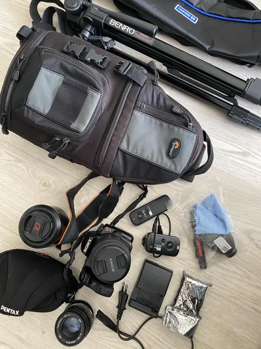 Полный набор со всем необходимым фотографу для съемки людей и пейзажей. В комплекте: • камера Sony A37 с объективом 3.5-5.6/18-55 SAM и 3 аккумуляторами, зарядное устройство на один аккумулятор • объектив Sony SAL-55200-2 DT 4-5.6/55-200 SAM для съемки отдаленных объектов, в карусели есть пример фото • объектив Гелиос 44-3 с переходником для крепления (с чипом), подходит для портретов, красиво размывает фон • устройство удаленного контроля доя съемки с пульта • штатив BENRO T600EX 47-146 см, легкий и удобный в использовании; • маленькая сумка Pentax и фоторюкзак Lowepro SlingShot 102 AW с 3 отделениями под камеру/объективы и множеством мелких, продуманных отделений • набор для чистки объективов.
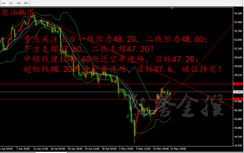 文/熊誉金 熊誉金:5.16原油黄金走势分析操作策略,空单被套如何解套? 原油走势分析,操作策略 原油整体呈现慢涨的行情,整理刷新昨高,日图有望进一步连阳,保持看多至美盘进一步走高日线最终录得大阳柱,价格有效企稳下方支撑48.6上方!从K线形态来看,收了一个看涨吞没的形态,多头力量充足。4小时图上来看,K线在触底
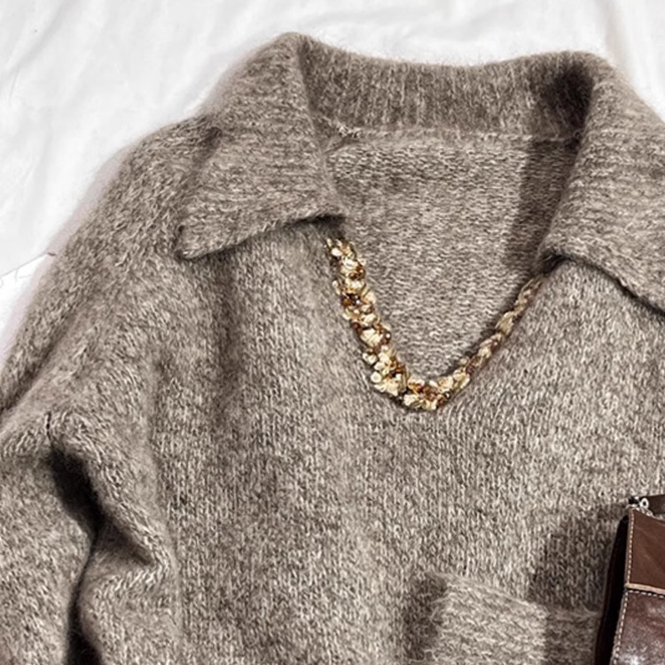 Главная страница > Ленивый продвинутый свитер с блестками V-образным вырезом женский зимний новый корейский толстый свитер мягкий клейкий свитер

---

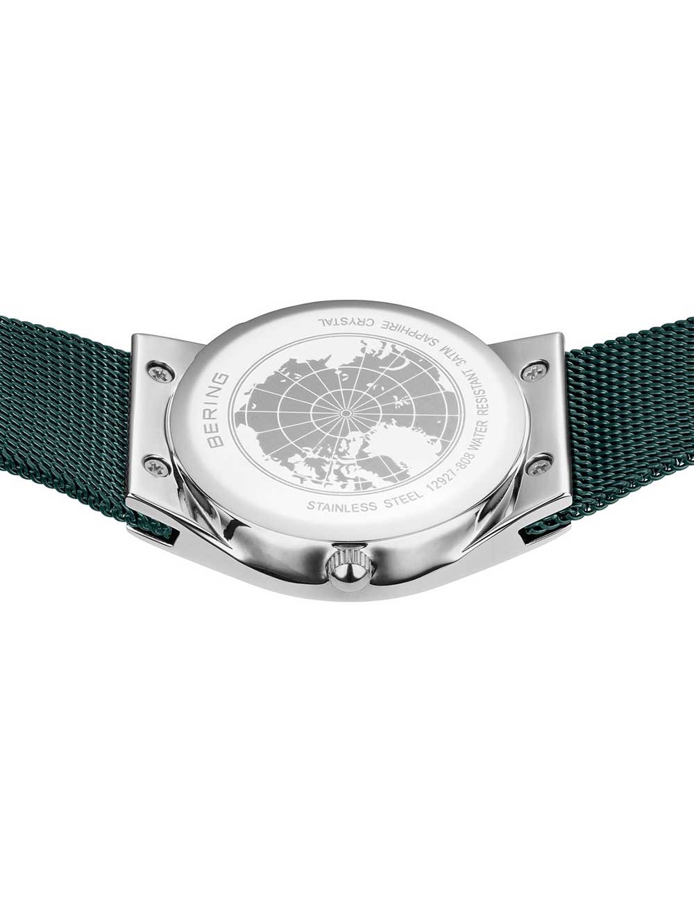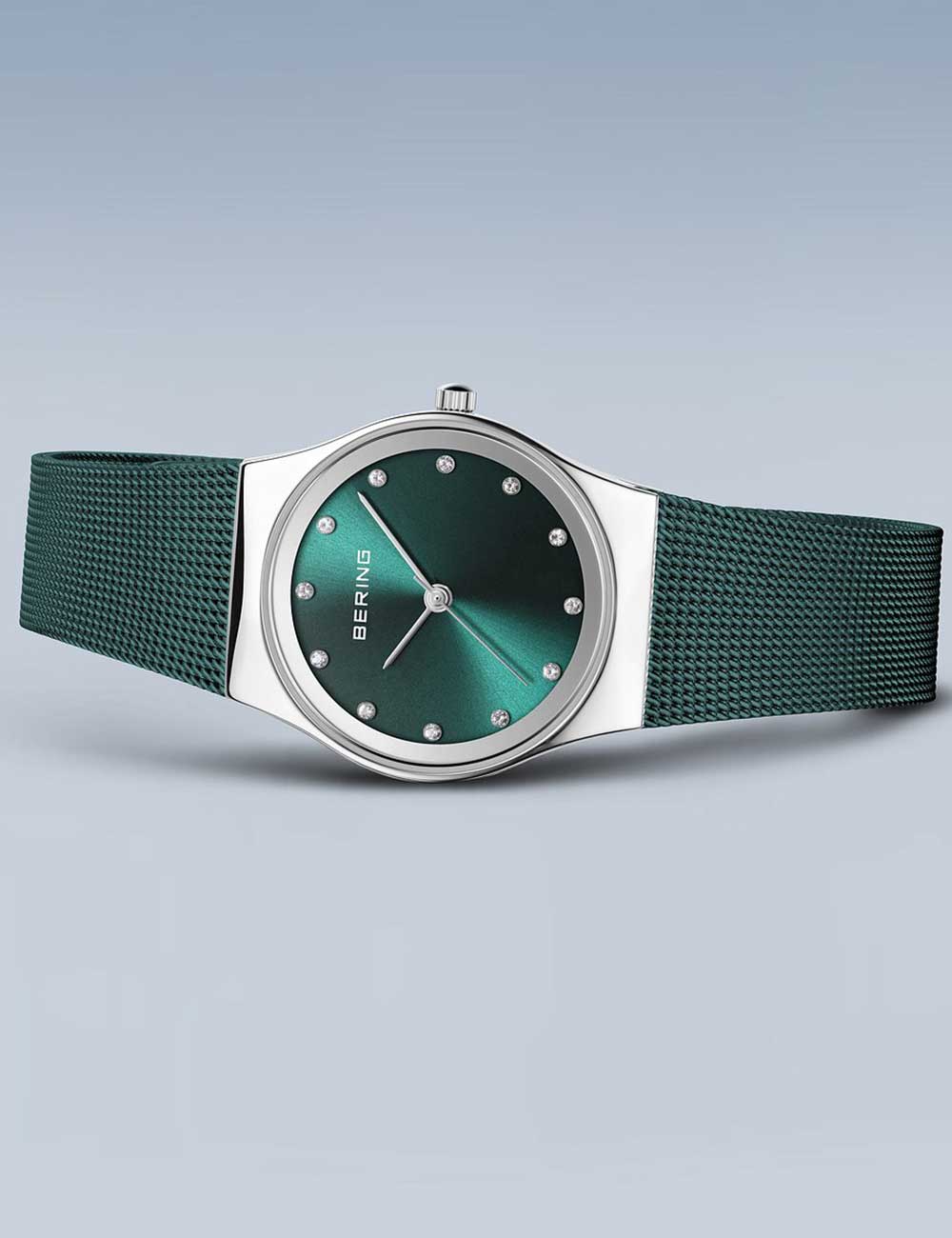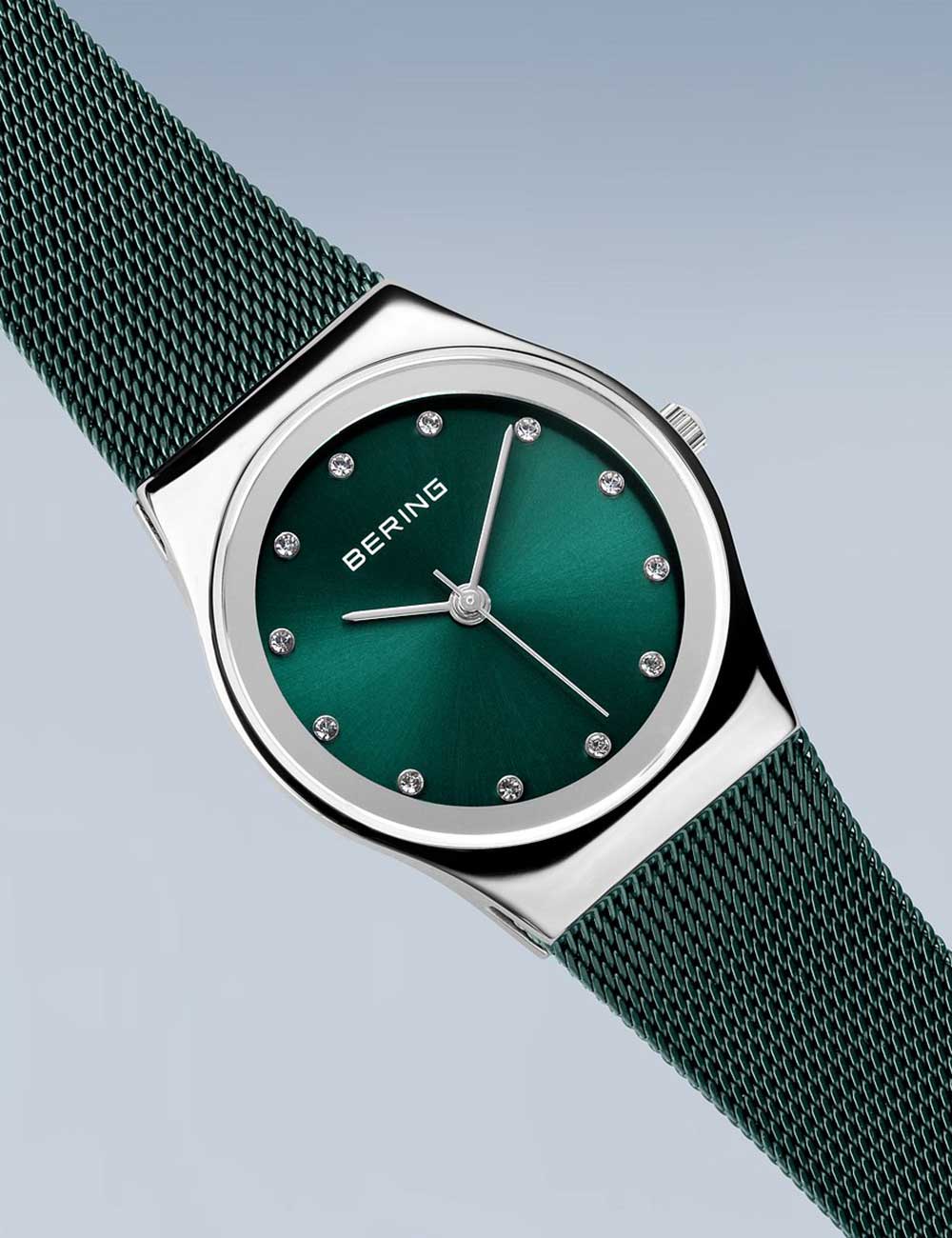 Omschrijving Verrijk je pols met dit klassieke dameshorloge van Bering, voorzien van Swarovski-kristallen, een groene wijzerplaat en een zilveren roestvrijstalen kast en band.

PROBLEM DETAILS: Starting at the line above that holds "文/熊誉金 熊誉金:5.16原油黄金走势分析操作策略,空单被套如何解套? 原油走势分析,操作策略", return each line up to and including the one that holds "Главная страница >", exactly as written, minus any pictures.

ANSWER SECTION:
 文/熊誉金 熊誉金:5.16原油黄金走势分析操作策略,空单被套如何解套? 原油走势分析,操作策略 原油整体呈现慢涨的行情,整理刷新昨高,日图有望进一步连阳,保持看多至美盘进一步走高日线最终录得大阳柱,价格有效企稳下方支撑48.6上方!从K线形态来看,收了一个看涨吞没的形态,多头力量充足。4小时图上来看,K线在触底
 Главная страница > Ленивый продвинутый свитер с блестками V-образным вырезом женский зимний новый корейский толстый свитер мягкий клейкий свитер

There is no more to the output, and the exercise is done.